Analysing data

Here, we outline the main steps in analysing data using the DRpower Bayesian model. Although we focus on the pfhrp2/3 use-case here, the same steps can be used to analyse the prevalence of drug resistance markers.

1. Estimate prevalence

The main thing we want to estimate is usually the prevalence of pfhrp2/3 deletions. This is extremely simple to do, and is carried out through the get_prevalence() function. We pass this function two sets of values; 1) the number of pfhrp2/3 deletions observed in each site (numerator), and 2) the total sample size in each site (denominator):

# define observed data
num_deletions <- c(3, 12, 4)
sample_size <- c(100, 130, 65)

# estimate prevalence
get_prevalence(n = num_deletions,
               N = sample_size)
#>    MAP CrI_lower CrI_upper prob_above_threshold
#> 1 6.81       2.3     19.52               0.8791

We obtain a point estimate of 6.81% prevalence, with a 95% CrI in the range [2.3% to 19.52%]. When presenting our estimates we should always report the full credible interval and not just the central estimate of 6.81%, as this may give a misleading impression of how confident we are in this value.

2. Compare prevalence against a threshold

The second thing we may want to do is to establish whether the prevalence is above the 5% threshold at the domain level. The probability of being above this threshold is given in the prob_above_threshold output above, in this case 0.8791. Before conducting this analysis, we should have decided what level of confidence we need in order to accept this hypothesis - we advise using 0.95 by default.
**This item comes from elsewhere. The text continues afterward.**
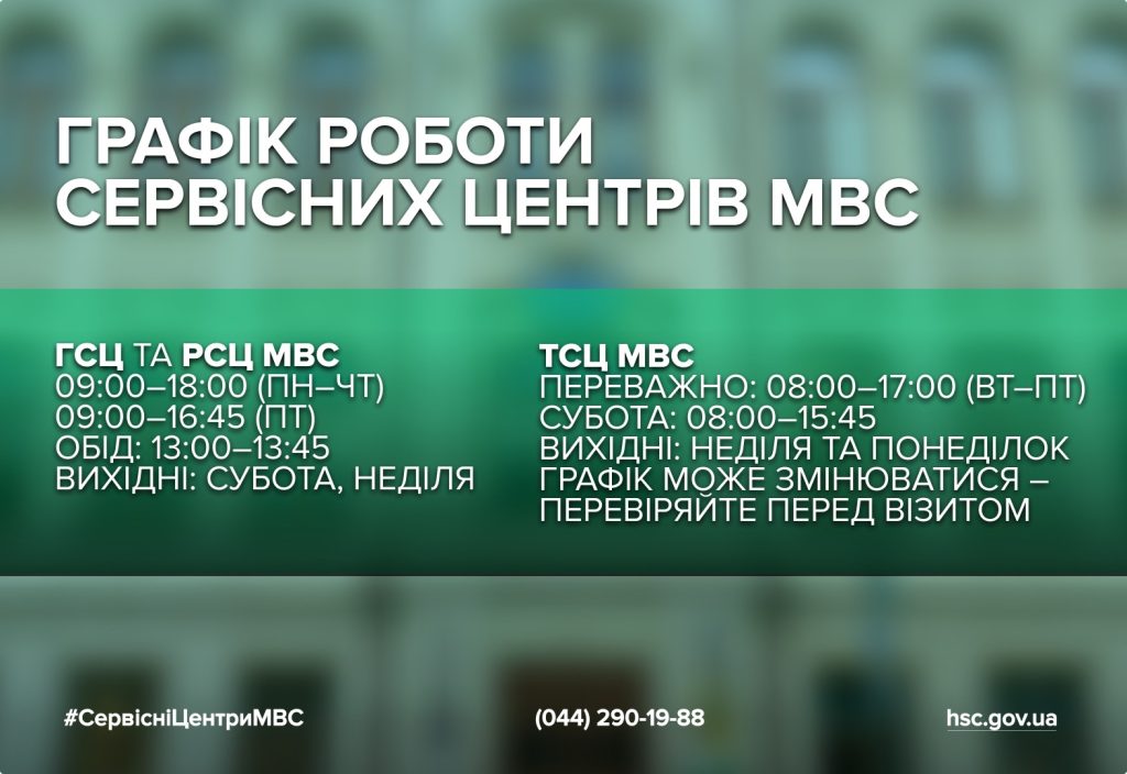 - Якщо ви плануєте звернутися до ГСЦ або РСЦ МВС – враховуйте їхній класичний офісний графік (9:00–18:00 у будні, з обідньою перервою).

In this case, 0.8791 is below 0.95 so we do not have sufficient evidence to conclude that prevalence is above 5% at the domain level.

Note that it is possible for the CrI to span the 5% threshold, but for the prob_above_threshold to still be greater than 0.95. This is because the CrI is two-sided, whereas the hypothesis test is one sided.

3. Estimate the ICC

The prevalence estimates above have already taken into account uncertainty in the intra-cluster correlation (ICC). That being said, it can be useful to present our estimate of the ICC to help contextualise results, and to guide future studies. This can be achieved through the get_ICC() function, which takes the same two inputs:

# estimate ICC
get_ICC(n = num_deletions,
        N = sample_size)
#>      MAP CrI_lower CrI_upper
#> 1 0.0074         0    0.1912

We estimate that the ICC is around 0.0074, and in the range [0, 0.1912]. This is a fairly low value of the ICC, and so when we conduct follow-up studies or studies in nearby regions we should take this information into account.